Trial Report Plasma cell targeting with the anti-CD38 antibody daratumumab in ME/CFS -a clinical pilot study, 2025, Fluge et al

I think phase 3 proves that survey data is meaningless and step counts are the true revealer.

Survey data is only reliable if it correlates with step count data. In Ritux P3, it did not, in Dara, it did.

Again, self reported outcomes vs observed outcomes.
I klnow where you're coming from, but I don't think the data we have to date support that position. It is an assumption.
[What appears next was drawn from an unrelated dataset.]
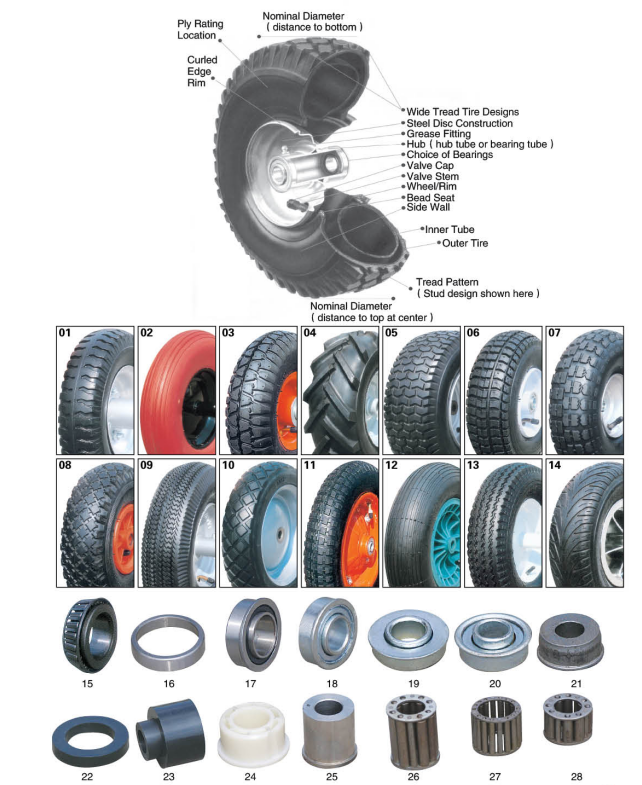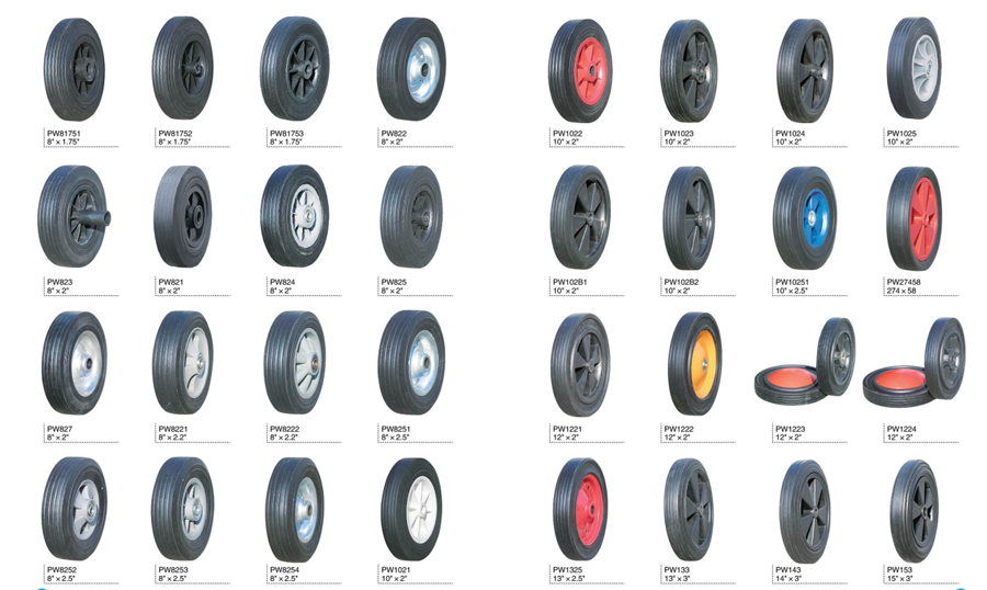 SOLID WHEEL :4"×0.5",6"×1.2", 6"×1.5",6"×2",6"×3",7"×1.3",7"×1.5",7"×1.75",8"×1.75",8"×2",8"×2.2",10"×1.75",10"×3",10"×1.75",10"×2.5",10"×2.75",250×85,13"×3.00-8,14"×3.5",16"×4.00-9

In the 2015 phase II study, the people who were thought to have responded particularly well to rituximab had step counts that are the stuff of dreams for most of us:
After 15–20 months follow-up, we had available Sensewear electronic armbands that continuously measured physical activity in the home setting. No data from baseline before intervention were available. The analyses were not preplanned, and were performed only in some patients (mainly in responders). They were performed in order to gain experience with the armbands for design of the protocol for the now ongoing randomized phase III-study. However, 12 out of 14 major responders in this study measured physical activity for 4–6 consecutive days in the time interval 15–20 months follow-up, with a mean value for “mean number of steps per 24h” 9829 (range 5794–18177), and a mean value for “maximum number of steps per
24h” 14623 (range 9310–23407).

That step count sounds about right for people who are at about 80 on the SF36 PF scale (at 15-20 months when their step count was measured):

1770386718549.png
 
I klnow where you're coming from, but I don't think the data we have to date support that position. It is an assumption.
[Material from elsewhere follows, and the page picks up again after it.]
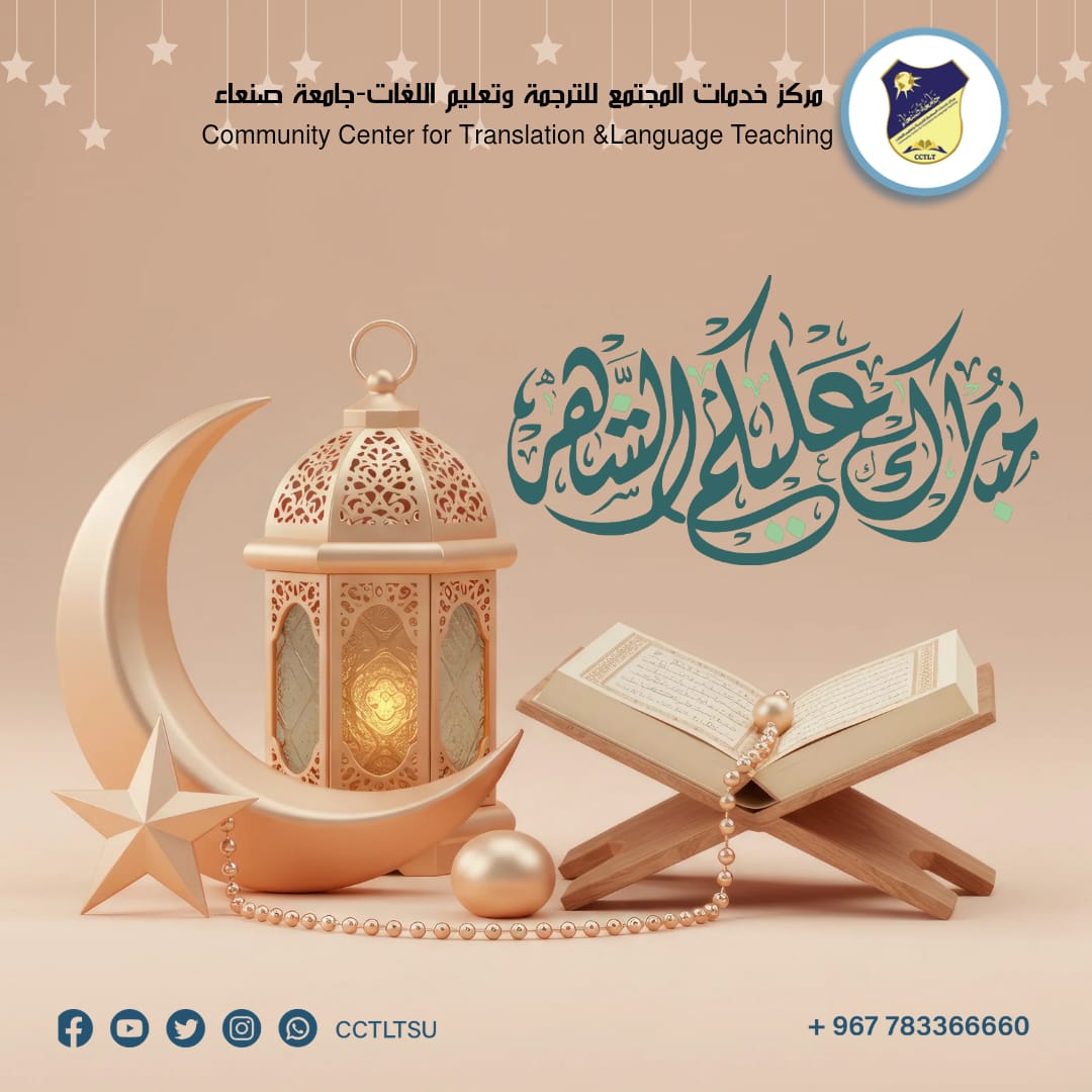 بمناسبةحلول شهر رمضان المبارك يتقدم مركز خدمات المجتمع للترجمةوتعليم اللغات بالتهنئة لشعبنا اليمني العظيم و لأمتنا العربية والأسلامية، ويتمنى لكم صوماً مقبولاً، وإفطاراً شهيا.

In the 2015 phase II study, the people who were thought to have responded particularly well to rituximab had step counts that are the stuff of dreams for most of us:


That step count sounds about right for people who are at about 80 on the SF36 PF scale:

View attachment 30452
I saw that, but because they did not measure the pre baseline steps for a run in period, for non responders and responders, it is hard to conclude if this was a measurement error or not. In the Dara study, the baseline steps were measured.

Also, they had people wear the armband for 4-6 days. In Dara I believe they wore the device for a year.

I am quite suspicious of this number
 
Last edited:
I saw that, but because they did not measure the pre baseline steps for a run in period, for non responders and responders, it is hard to conclude if this was a measurement error or not. In the Dara study, the baseline steps were measured.

Also, they had people wear the armband for 4-6 days. In Dara I believe they wore the device for a year.
Mm, that's too big of an assumption for me. Am I understanding correctly that you're saying that the step count (for major responders in phase II ritux above) must be wrong, even though it tallies well with the SF36 physical function score, because you think step count only increases if someone's getting a real effect from a drug/intervention?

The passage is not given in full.